There has been a surge in demand for personal loans in Singapore during the past few years. This is the reason why I decided to discuss it here in my blog post to help people understand more about this financial product.
What is a personal loan? How does it work?
There are two types of loan: a secured and an unsecured one. The former is a loan that requires collateral in exchange for the money lent. Mortgages and car loans are the most popular examples of this. On the other hand, an unsecured loan doesn’t need collateral to get approved. The bank also won’t ask how you will use the money being borrowed. Personal loans belong to this latter category. Apply for a loan with highly rated money lender www.moneylenderreview.com.
An unsecured loan has a higher interest rate since the banks are assuming a higher risk in lending you money. They also have a shorter repayment period which usually falls between 1 to 5 years.
Now, you may be wondering how much you can borrow with an unsecured personal loan. With a secured loan, the amount depends on the estimated value of the collateral. But how about for a loan without any collateral?
In Singapore, the amount you can loan will depend on your monthly income multiplied by a certain number. The multiplier is determined by the bank based on their assessment of your financial capability.
So, if your monthly income is S$4,000 and the bank decides to offer a loan 3x your income, the total amount you can borrow is S$12,000. As you may already know, in addition to the loan interest which has a rate of around 9% to 18%, there are additional fees you have to think about when borrowing money from banks. Usually, this will cost you another S$50 to S$90 annually. In short, you’ll be paying more than S$12,000 if you decide to borrow the full amount.
Smart ways to use a personal loan
Since personal loans are easier to get, you might be tempted to use it for a holiday vacation or for buying that new gadget you’ve been eyeing for quite some time now.

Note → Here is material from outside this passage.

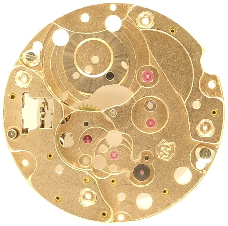 Auch wenn Ronda hauptsächlich für seine, meist besseren, Stiftankerwerke bekannt war, gab es doch auch eine Reihe von echten Palettenankerwerken, die mit der Punze “RAX” versehen waren.

Considering the high interest rates and additional charges associated with a personal loan, it’s not a smart move to use it to finance leisure and entertainment expenses.

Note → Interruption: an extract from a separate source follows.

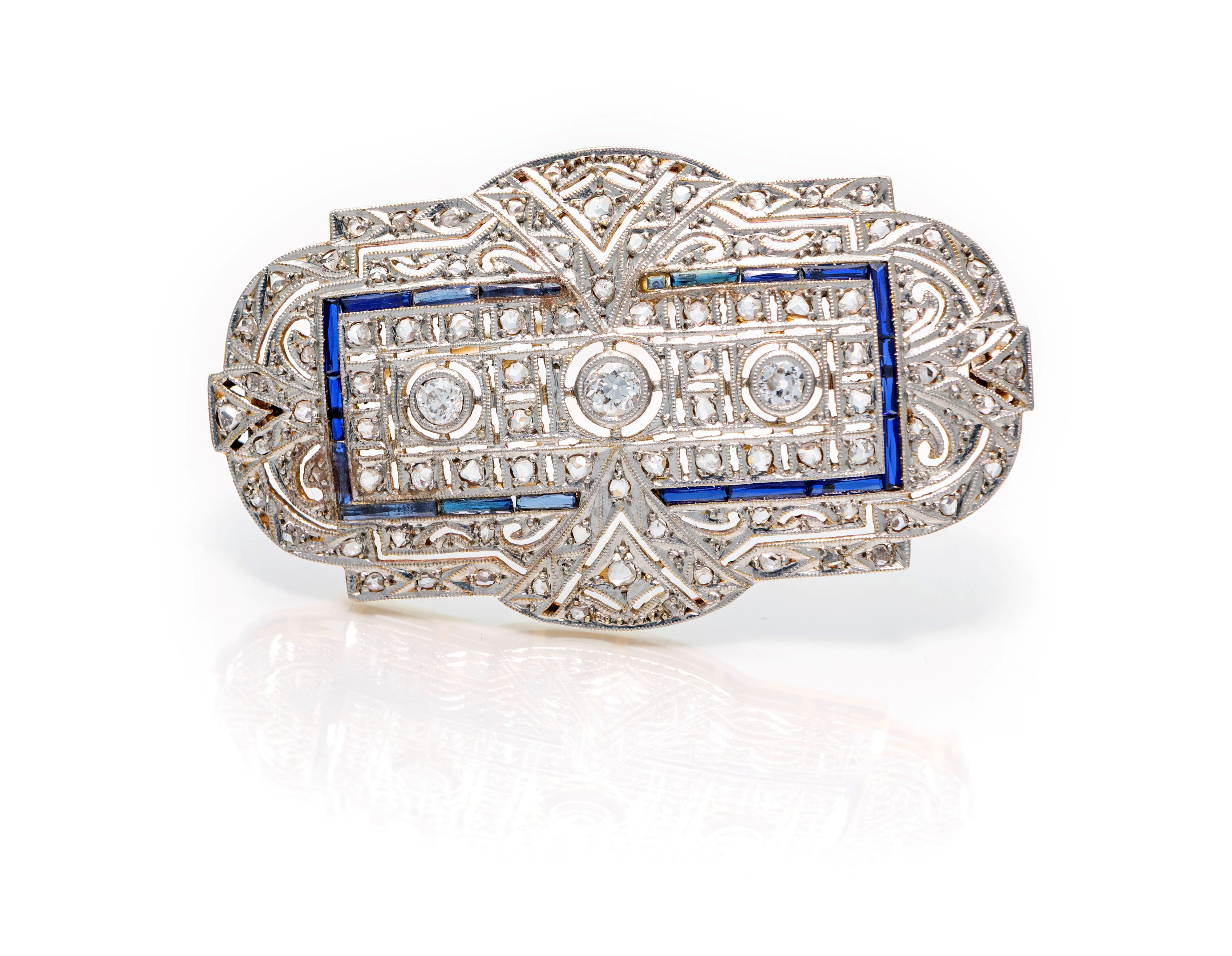 Oro giallo 750/000, platino. Diamanti in taglio rotondo. Peso complessivo gr. 10,70

So is it altogether bad to get a personal loan? For what purpose is it okay to get one?
One situation where it can help you reduce the cost of your other loans is in debt consolidation. In debt consolidation, all your existing loans are merged into one to make it easier to repay them. Usually, consolidated debts have lower interest rates and better repayment terms than most types of loans.
Another instance where you can make better use of a personal loan is in covering another debt with a bigger interest rate such as credit cards. Credit cards are known to have the highest interest rates among financial products, which is why it would be better to pay it off first using a personal loan which has a much lower interest rate.
Probably the best way to use a personal loan is by spending it on something that will give you a brighter future. Funding a small business, paying for professional education, or investing in a rapidly appreciating asset are some of the situations where it’s wise to use borrowed money.
If you need help in getting a personal loan, make sure you compare all bank offers first before selecting the best one suited to your needs.